** Opening Records for the exercise block **

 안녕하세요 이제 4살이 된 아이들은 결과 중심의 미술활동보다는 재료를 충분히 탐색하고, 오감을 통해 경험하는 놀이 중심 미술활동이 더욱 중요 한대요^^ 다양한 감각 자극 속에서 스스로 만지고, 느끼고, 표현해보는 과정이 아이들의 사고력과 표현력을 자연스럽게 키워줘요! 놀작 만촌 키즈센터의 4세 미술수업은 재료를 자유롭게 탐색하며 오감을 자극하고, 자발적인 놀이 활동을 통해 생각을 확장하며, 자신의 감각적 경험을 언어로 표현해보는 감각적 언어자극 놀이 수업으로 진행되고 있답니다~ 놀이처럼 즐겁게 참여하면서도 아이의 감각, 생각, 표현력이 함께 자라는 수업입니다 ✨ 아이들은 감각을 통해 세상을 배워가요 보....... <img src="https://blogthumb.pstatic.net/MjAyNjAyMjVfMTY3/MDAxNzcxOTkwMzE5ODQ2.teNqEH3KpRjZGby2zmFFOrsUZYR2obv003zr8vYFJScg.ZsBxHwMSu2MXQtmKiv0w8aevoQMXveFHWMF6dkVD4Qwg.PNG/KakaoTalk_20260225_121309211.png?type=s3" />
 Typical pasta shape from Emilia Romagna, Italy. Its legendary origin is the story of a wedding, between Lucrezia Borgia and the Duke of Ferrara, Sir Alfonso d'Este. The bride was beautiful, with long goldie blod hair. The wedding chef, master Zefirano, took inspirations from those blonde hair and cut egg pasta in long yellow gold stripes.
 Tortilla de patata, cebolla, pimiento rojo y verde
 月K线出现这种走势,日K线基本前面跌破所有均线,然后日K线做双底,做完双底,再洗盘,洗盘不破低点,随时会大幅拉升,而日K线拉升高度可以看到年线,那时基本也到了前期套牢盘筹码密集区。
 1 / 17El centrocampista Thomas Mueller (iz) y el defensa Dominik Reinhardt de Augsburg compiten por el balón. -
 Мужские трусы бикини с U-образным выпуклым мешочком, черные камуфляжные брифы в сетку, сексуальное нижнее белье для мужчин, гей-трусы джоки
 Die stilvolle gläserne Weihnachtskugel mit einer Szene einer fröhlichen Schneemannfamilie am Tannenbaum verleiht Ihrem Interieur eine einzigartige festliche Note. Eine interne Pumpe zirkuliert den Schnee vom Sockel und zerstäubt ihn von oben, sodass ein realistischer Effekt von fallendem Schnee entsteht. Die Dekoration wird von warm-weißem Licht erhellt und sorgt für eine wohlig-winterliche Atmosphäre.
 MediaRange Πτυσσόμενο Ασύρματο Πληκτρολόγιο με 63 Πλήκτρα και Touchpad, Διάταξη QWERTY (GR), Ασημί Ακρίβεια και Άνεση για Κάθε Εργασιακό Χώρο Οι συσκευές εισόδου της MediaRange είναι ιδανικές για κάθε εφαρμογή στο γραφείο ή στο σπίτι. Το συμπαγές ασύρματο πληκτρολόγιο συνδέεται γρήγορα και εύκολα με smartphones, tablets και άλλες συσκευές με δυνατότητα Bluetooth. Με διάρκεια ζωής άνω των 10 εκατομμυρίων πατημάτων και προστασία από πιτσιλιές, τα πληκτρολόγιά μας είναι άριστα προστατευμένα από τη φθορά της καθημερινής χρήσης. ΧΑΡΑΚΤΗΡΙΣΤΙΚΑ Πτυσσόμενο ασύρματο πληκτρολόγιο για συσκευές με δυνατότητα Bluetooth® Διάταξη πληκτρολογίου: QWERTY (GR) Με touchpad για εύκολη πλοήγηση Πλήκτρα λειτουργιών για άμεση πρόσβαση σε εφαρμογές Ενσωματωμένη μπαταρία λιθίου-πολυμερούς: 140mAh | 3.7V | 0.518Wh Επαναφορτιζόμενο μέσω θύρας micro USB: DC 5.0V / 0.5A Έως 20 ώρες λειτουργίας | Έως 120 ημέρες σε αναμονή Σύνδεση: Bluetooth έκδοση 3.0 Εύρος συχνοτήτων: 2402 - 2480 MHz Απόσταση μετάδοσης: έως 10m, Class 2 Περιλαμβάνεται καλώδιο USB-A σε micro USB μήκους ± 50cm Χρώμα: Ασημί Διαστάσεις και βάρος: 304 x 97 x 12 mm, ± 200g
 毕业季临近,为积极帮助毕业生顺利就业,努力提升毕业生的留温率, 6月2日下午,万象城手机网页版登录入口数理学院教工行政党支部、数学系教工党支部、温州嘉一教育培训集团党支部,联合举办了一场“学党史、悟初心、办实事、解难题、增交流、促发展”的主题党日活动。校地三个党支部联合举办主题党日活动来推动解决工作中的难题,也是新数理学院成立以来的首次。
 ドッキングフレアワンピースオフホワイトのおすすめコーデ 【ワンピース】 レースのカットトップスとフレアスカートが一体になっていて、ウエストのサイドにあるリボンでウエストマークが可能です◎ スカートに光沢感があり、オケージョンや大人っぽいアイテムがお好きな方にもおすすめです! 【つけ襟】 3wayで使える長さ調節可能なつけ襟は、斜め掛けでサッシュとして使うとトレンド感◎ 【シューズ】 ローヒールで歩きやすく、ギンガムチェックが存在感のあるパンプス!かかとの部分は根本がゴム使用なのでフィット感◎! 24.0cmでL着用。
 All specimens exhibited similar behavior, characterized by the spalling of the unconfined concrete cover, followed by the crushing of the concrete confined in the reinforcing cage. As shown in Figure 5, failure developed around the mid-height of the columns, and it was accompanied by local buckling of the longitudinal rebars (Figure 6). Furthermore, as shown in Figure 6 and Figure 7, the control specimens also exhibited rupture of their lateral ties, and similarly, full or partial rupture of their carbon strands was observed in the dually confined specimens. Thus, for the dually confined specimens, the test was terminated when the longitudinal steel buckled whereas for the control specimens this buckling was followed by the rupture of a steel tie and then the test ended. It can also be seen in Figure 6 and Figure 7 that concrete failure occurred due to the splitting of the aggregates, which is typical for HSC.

** Closing Records for the exercise block **

* _What you need to do_
Every entry must be output again, exactly as written above.

* _Result below_
 안녕하세요 이제 4살이 된 아이들은 결과 중심의 미술활동보다는 재료를 충분히 탐색하고, 오감을 통해 경험하는 놀이 중심 미술활동이 더욱 중요 한대요^^ 다양한 감각 자극 속에서 스스로 만지고, 느끼고, 표현해보는 과정이 아이들의 사고력과 표현력을 자연스럽게 키워줘요! 놀작 만촌 키즈센터의 4세 미술수업은 재료를 자유롭게 탐색하며 오감을 자극하고, 자발적인 놀이 활동을 통해 생각을 확장하며, 자신의 감각적 경험을 언어로 표현해보는 감각적 언어자극 놀이 수업으로 진행되고 있답니다~ 놀이처럼 즐겁게 참여하면서도 아이의 감각, 생각, 표현력이 함께 자라는 수업입니다 ✨ 아이들은 감각을 통해 세상을 배워가요 보....... <img src="https://blogthumb.pstatic.net/MjAyNjAyMjVfMTY3/MDAxNzcxOTkwMzE5ODQ2.teNqEH3KpRjZGby2zmFFOrsUZYR2obv003zr8vYFJScg.ZsBxHwMSu2MXQtmKiv0w8aevoQMXveFHWMF6dkVD4Qwg.PNG/KakaoTalk_20260225_121309211.png?type=s3" />
 Typical pasta shape from Emilia Romagna, Italy. Its legendary origin is the story of a wedding, between Lucrezia Borgia and the Duke of Ferrara, Sir Alfonso d'Este. The bride was beautiful, with long goldie blod hair. The wedding chef, master Zefirano, took inspirations from those blonde hair and cut egg pasta in long yellow gold stripes.
 Tortilla de patata, cebolla, pimiento rojo y verde
 月K线出现这种走势,日K线基本前面跌破所有均线,然后日K线做双底,做完双底,再洗盘,洗盘不破低点,随时会大幅拉升,而日K线拉升高度可以看到年线,那时基本也到了前期套牢盘筹码密集区。
 1 / 17El centrocampista Thomas Mueller (iz) y el defensa Dominik Reinhardt de Augsburg compiten por el balón. -
 Мужские трусы бикини с U-образным выпуклым мешочком, черные камуфляжные брифы в сетку, сексуальное нижнее белье для мужчин, гей-трусы джоки
 Die stilvolle gläserne Weihnachtskugel mit einer Szene einer fröhlichen Schneemannfamilie am Tannenbaum verleiht Ihrem Interieur eine einzigartige festliche Note. Eine interne Pumpe zirkuliert den Schnee vom Sockel und zerstäubt ihn von oben, sodass ein realistischer Effekt von fallendem Schnee entsteht. Die Dekoration wird von warm-weißem Licht erhellt und sorgt für eine wohlig-winterliche Atmosphäre.
 MediaRange Πτυσσόμενο Ασύρματο Πληκτρολόγιο με 63 Πλήκτρα και Touchpad, Διάταξη QWERTY (GR), Ασημί Ακρίβεια και Άνεση για Κάθε Εργασιακό Χώρο Οι συσκευές εισόδου της MediaRange είναι ιδανικές για κάθε εφαρμογή στο γραφείο ή στο σπίτι. Το συμπαγές ασύρματο πληκτρολόγιο συνδέεται γρήγορα και εύκολα με smartphones, tablets και άλλες συσκευές με δυνατότητα Bluetooth. Με διάρκεια ζωής άνω των 10 εκατομμυρίων πατημάτων και προστασία από πιτσιλιές, τα πληκτρολόγιά μας είναι άριστα προστατευμένα από τη φθορά της καθημερινής χρήσης. ΧΑΡΑΚΤΗΡΙΣΤΙΚΑ Πτυσσόμενο ασύρματο πληκτρολόγιο για συσκευές με δυνατότητα Bluetooth® Διάταξη πληκτρολογίου: QWERTY (GR) Με touchpad για εύκολη πλοήγηση Πλήκτρα λειτουργιών για άμεση πρόσβαση σε εφαρμογές Ενσωματωμένη μπαταρία λιθίου-πολυμερούς: 140mAh | 3.7V | 0.518Wh Επαναφορτιζόμενο μέσω θύρας micro USB: DC 5.0V / 0.5A Έως 20 ώρες λειτουργίας | Έως 120 ημέρες σε αναμονή Σύνδεση: Bluetooth έκδοση 3.0 Εύρος συχνοτήτων: 2402 - 2480 MHz Απόσταση μετάδοσης: έως 10m, Class 2 Περιλαμβάνεται καλώδιο USB-A σε micro USB μήκους ± 50cm Χρώμα: Ασημί Διαστάσεις και βάρος: 304 x 97 x 12 mm, ± 200g
 毕业季临近,为积极帮助毕业生顺利就业,努力提升毕业生的留温率, 6月2日下午,万象城手机网页版登录入口数理学院教工行政党支部、数学系教工党支部、温州嘉一教育培训集团党支部,联合举办了一场“学党史、悟初心、办实事、解难题、增交流、促发展”的主题党日活动。校地三个党支部联合举办主题党日活动来推动解决工作中的难题,也是新数理学院成立以来的首次。
 ドッキングフレアワンピースオフホワイトのおすすめコーデ 【ワンピース】 レースのカットトップスとフレアスカートが一体になっていて、ウエストのサイドにあるリボンでウエストマークが可能です◎ スカートに光沢感があり、オケージョンや大人っぽいアイテムがお好きな方にもおすすめです! 【つけ襟】 3wayで使える長さ調節可能なつけ襟は、斜め掛けでサッシュとして使うとトレンド感◎ 【シューズ】 ローヒールで歩きやすく、ギンガムチェックが存在感のあるパンプス!かかとの部分は根本がゴム使用なのでフィット感◎! 24.0cmでL着用。
 All specimens exhibited similar behavior, characterized by the spalling of the unconfined concrete cover, followed by the crushing of the concrete confined in the reinforcing cage. As shown in Figure 5, failure developed around the mid-height of the columns, and it was accompanied by local buckling of the longitudinal rebars (Figure 6). Furthermore, as shown in Figure 6 and Figure 7, the control specimens also exhibited rupture of their lateral ties, and similarly, full or partial rupture of their carbon strands was observed in the dually confined specimens. Thus, for the dually confined specimens, the test was terminated when the longitudinal steel buckled whereas for the control specimens this buckling was followed by the rupture of a steel tie and then the test ended. It can also be seen in Figure 6 and Figure 7 that concrete failure occurred due to the splitting of the aggregates, which is typical for HSC.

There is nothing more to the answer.